Sunday, December 16, 2007

Computers & culture

Since the beginning of recorded music, the sound of human song has changed with each new generation of people. There's no confusing a 1930s song with a 1940s song, or a 1950s song with a 1960s song. The pattern sticks until roughly the end of the 1980s. It's not easy to tell whether a song came from 1990 or 2000.

This might sound like an extraordinary claim, but you can test it yourself. Listen to random clips from the many sources of songs available on the Internet and don't peek at the year they were produced. You'll discover that it's harder to date songs from the last two decades than songs from previous decades...

If you accept that there has been a recent decrease in stylistic variety in human song, the next question is "Why?" There are plenty of possibilities: Maybe the Internet makes too much information available, so everyone has the same influences to absorb—and songs lose flavor and take on a generic quality. To be more cynical, it could be a sign of cultural decline.
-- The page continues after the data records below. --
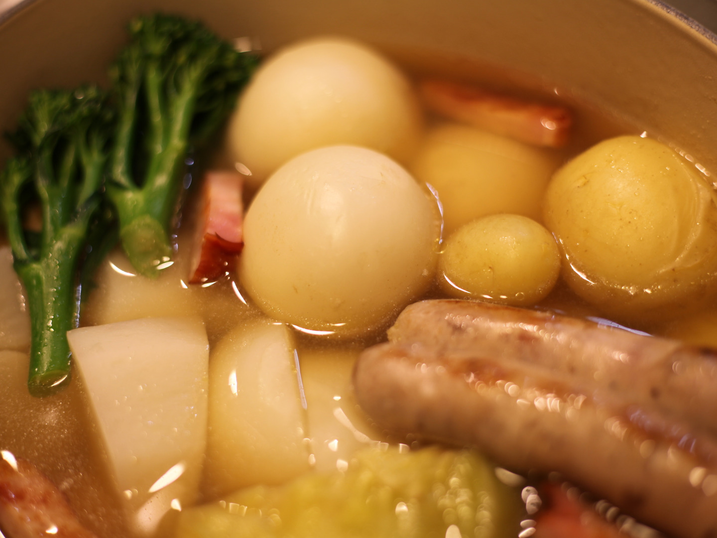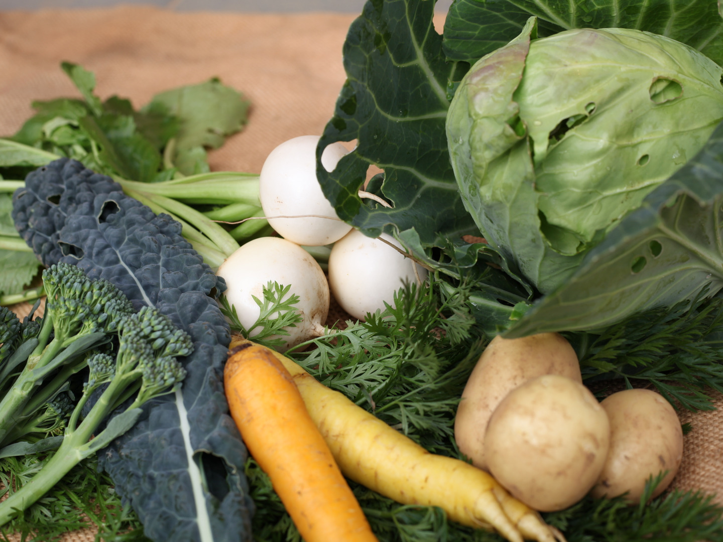 セットにはキャベツ、カーボロネロ(黒キャベツ)、カブ、ニンジン、じゃがいも、スティックセニョールを1回分(2人でたっぷり~4人で小皿)が入っていますので、あとはお好きなベーコン、ソーセージ、お肉などを合わせて煮込んでいただくだけで出来上がりです。
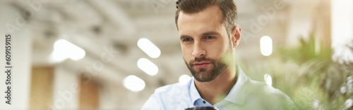 Obraz premium Enjoying morning coffee at work and checking e-mail
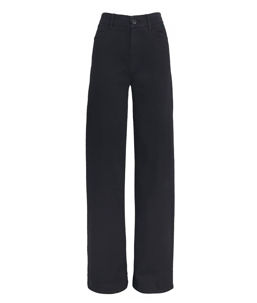 Classic black tailored trousers with a clean, straight-leg silhouette. Designed with a mid-rise waist, belt loops, button closure, and a structured fit that makes them suitable for both professional and casual wear. Minimalist design allows for versatile styling with blouses, knits, or blazers. Timeless wardrobe essential.
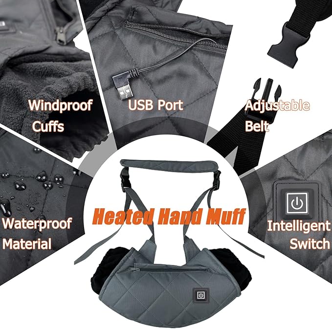 - 【Heated Hand Warmer Pouch】In many winter outdoor activities, how to keep your cold hands warm in cold weather? This heated hand muff solves your problems. It contains heating pads, which can heat up quickly after plugging in the power bank 【NO POWER BANK】. The portable hand muff is the perfect accessory to keep your hands warm while staying active in cold winter weather.
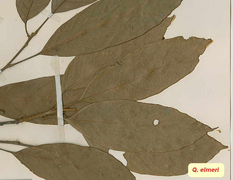 -- A. Camus : tome 1, p. 194, n° 8; -- Sub-genus Cerris, Section Cyclobalanopsis; -- Section Semiserrata, sub-section Semiserratae (Menitsky). -- Named after A.D.E. Elmer, 1870–1942, plant collector in Borneo and the Philippines |
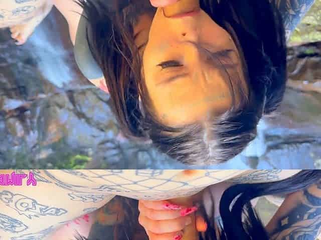 Tattooed hottie takes a big cock at a public waterfall for cash!
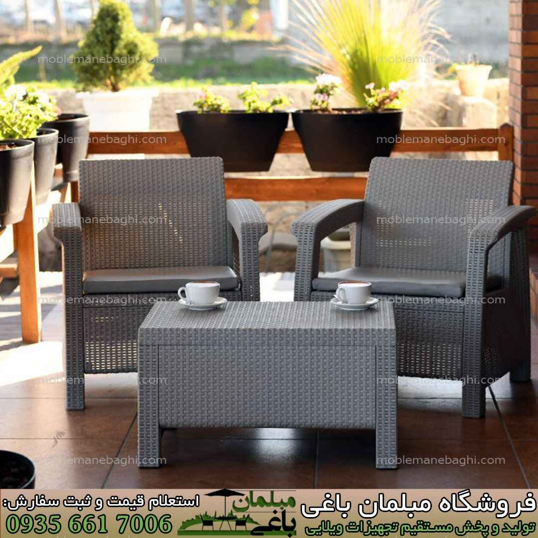 مبل حصیری پلیمری ساخته شده از پلیمر ویژه با طرح حصیری دارای طراحی مدرن،
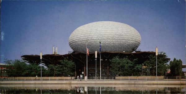 Above the canopy of a forest of steel trees rises the 90-foot-high ovoid theatre of the IBM Pavilion
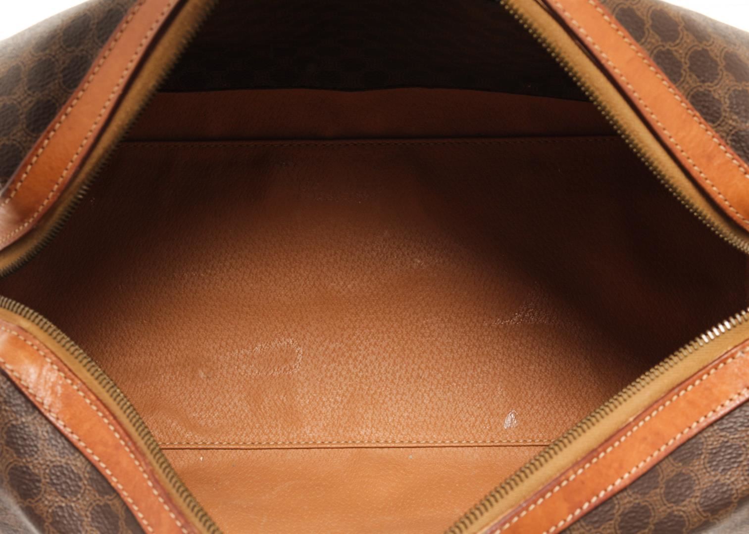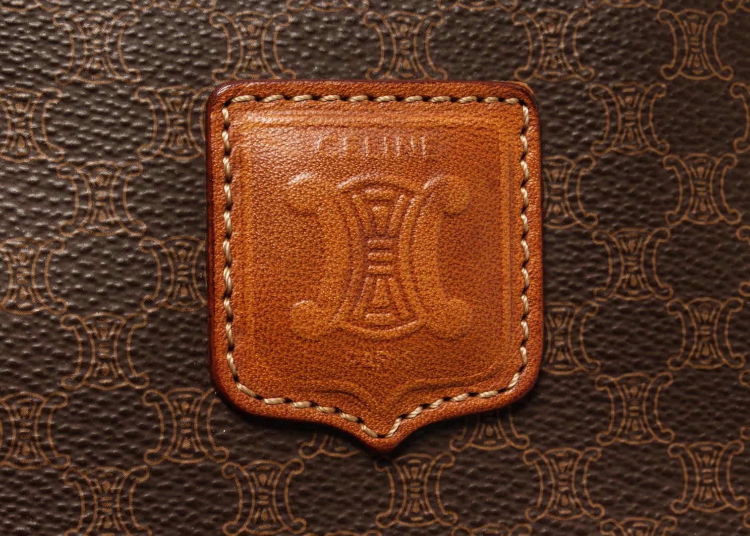 One Celine Brown Macadam Boston Bag. Item is sold AS-IS. All available information is listed in the description and shown in the photo. Celine Brown Macadam Boston Bag with top handle, vachetta leather, leather lining, gold tone hardware, zipper closure. 14" x 9" x 7" / 35.56 X 22.86 X 7CM

Another explanation, which is the one I suspect, is that the change since the mid-1980s corresponds with the appearance of digital editing tools for music.

Reading an article by Jaron Lanier in which he mentioned that each decade has turned out a distinctive music up until the 1990s / 2000s, when popular music started to become indistinguishable, it occurred to me that while I couldn't disagree with this, I doubted the cause to which he ascribed it, probably that computer based production tools are enforcing a particular sound, particularly in the accuracy of sticking to the beat. Computers have pervaded all cultural fields, not just music, yet there seems to be quite the opposite happening elsewhere. For example, photoshop has opened up vast new possibilities with say, photographic montage, and has by no means rigidified uses. His other suggested cause, that the internet has exposed everyone to the same influences doesn't hit home for me either, that would if anything, widen an individual's input stream.

I think it's more what's happened to popular music within our society. It's long been, as part of the teenager marketing phenomonen, a means to fame and fortune for the record companies and their insiders. The distinctive musical forms of the last century have largely happened outside the industry, later to be adopted by it. Think blues, hippy, punk or techno. It's an industry now on the defensive and at the same time youth culture has become consumerist and money_worshipping. The creativity's dead.

The revolution starts tomorrow: until then you're stuck with the back-catalogue.